Epoch 50/200 | Loss 0.0053
Epoch 100/200 | Loss 0.0014
Epoch 150/200 | Loss 0.0009
Epoch 200/200 | Loss 0.0006


In [16]:
def translate(sentence, model, src_vocab, trg_vocab, inv_trg_vocab, max_len=8):
    model.eval()
    src = encode(sentence, src_vocab).unsqueeze(0).to(device)
    trg_idx = [trg_vocab["<sos>"]]
    enc_out, hidden = model.encoder(src)
    hidden = (hidden[0][::2]+hidden[0][1::2], hidden[1][::2]+hidden[1][1::2])
    context = torch.zeros(1, hidden[0].size(1)).to(device)

    for _ in range(max_len):
        x = torch.tensor([trg_idx[-1]]).to(device)
        out, hidden, context, _ = model.decoder(x, hidden, enc_out, context)
        pred = out.argmax(1).item()
        trg_idx.append(pred)
        if pred == trg_vocab["<eos>"]: break

    return " ".join([inv_trg_vocab[i] for i in trg_idx if i not in (0,1,2,3)])

print(translate("i am a student", model, src_vocab, trg_vocab, inv_trg_vocab))
print(translate("she loves music", model, src_vocab, trg_vocab, inv_trg_vocab))


je suis un etudiant
elle aime la musique


# 🔎 Evolution of Attention: Bahdanau (2014) → Luong (2015) → Transformer (2017)

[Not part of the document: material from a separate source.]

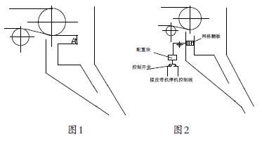 (2)為了使皮帶輸送機在溜槽堵塞后能及時停機,在副溜槽內加一個網格狀翻板(做成網格狀是防止粉塵堆積影響效果),翻板與一個杠桿相連,杠桿的另一端加一組可以調整重量的配重塊,配重塊的重量略重于翻板的重量(根據具體情況自行掌握),配重塊端與一個控制開關相連(開關的類型和型號根據具體情況選擇),使開關與輸送機的停機控制線相連接如圖2所示:

| Aspect | Bahdanau et al. (2014) – Additive Attention | Luong et al. (2015) – Multiplicative Attention | Vaswani et al. (2017) – Scaled Dot-Product Attention (Transformer) | Why it matters |
|---|---|---|---|---|
| **Problem Addressed** | Fixed-length bottleneck in seq2seq translation | Efficiency and design choices in NMT attention | Full parallelization and long-range dependencies in sequences | Each step builds toward scalable and general attention |
| **Attention Type** | *Additive*: feed-forward MLP computes alignment | *Multiplicative*: dot/general/concat scoring; Global vs Local | *Scaled dot-product*: multi-head self-attention | Transformers unify and generalize earlier ideas |
| **Score Function** | $$ e_{ij} = v^\top \tanh\!\big(W [s_{i-1}; h_j]\big) $$ | Global (dot): $$ \text{score}(h_t,\bar{h}_s) = h_t^\top \bar{h}_s $$ Local-p (predictive): $$ p_t = S \cdot \sigma(v_p^\top \tanh(W_p h_t)) $$ | $$ \text{score}(Q,K) = \frac{QK^\top}{\sqrt{d_k}} $$ | Bahdanau = additive MLP, Luong = efficient multiplicative, Transformer = normalized dot-product |
| **Weights** | $$ \alpha_{ij} = \frac{\exp(e_{ij})}{\sum_k \exp(e_{ik})} $$ | $$ \alpha_t(s) = \text{softmax}(\text{score}(h_t,\bar{h}_s)) $$ | $$ \alpha = \text{softmax}\!\left(\frac{QK^\top}{\sqrt{d_k}}\right) $$ | All normalize via softmax, but Transformers compute in parallel for all tokens |
| **Context Vector** | $$ c_i = \sum_j \alpha_{ij} h_j $$ | $$ c_t = \sum_s \alpha_t(s) \bar{h}_s $$ | $$ \text{Attention}(Q,K,V) = \text{softmax}\!\left(\frac{QK^\top}{\sqrt{d_k}}\right)V $$ | Context always = weighted sum; formulation becomes more general |
| **Inputs (Q,K,V analogy)** | Query = decoder hidden $s_{i-1}$; Keys/Values = encoder states $h_j$ | Query = decoder hidden $h_t$; Keys/Values = encoder states | Queries, Keys, Values all derived from embeddings via linear projections | Transformer formalizes Q–K–V explicitly, enabling self-attention |
| **Architecture** | Encoder: BiRNN (GRU), Decoder: GRU | Encoder–Decoder: stacked LSTMs (4×1000 units) | Encoder–Decoder: multi-head self-attention + FFN layers | Transformer removes recurrence, relies purely on attention |
| **Extra Techniques** | First to visualize attention alignments | Input-feeding; local/global modes; <unk> replacement | Multi-head attention; positional encoding; residuals & normalization | Stepwise refinements toward GPT-scale architectures |
| **Results** | Better BLEU vs vanilla seq2seq; big gains on long sentences | +5 BLEU over baselines; new SOTA on WMT’15 English–German | New state-of-the-art across tasks; foundation for GPT/BERT | Each stage pushed NMT and sequence modeling forward |
| **Impact** | Birth of attention mechanism | Practical recipes for effective NMT attention | Foundation of modern LLMs (GPT, BERT, etc.) | Historical lineage: Bahdanau → Luong → Transformer |


📌 Summary

Bahdanau (2014): Introduced additive attention — decoder looks back at encoder states via an alignment model.

Luong (2015): Simplified to multiplicative scoring (dot/general), added global/local modes and input feeding, scaled to WMT benchmarks.

Vaswani (2017): Formalized attention into Q–K–V framework, introduced multi-head scaled dot-product attention, enabling Transformers and GPT.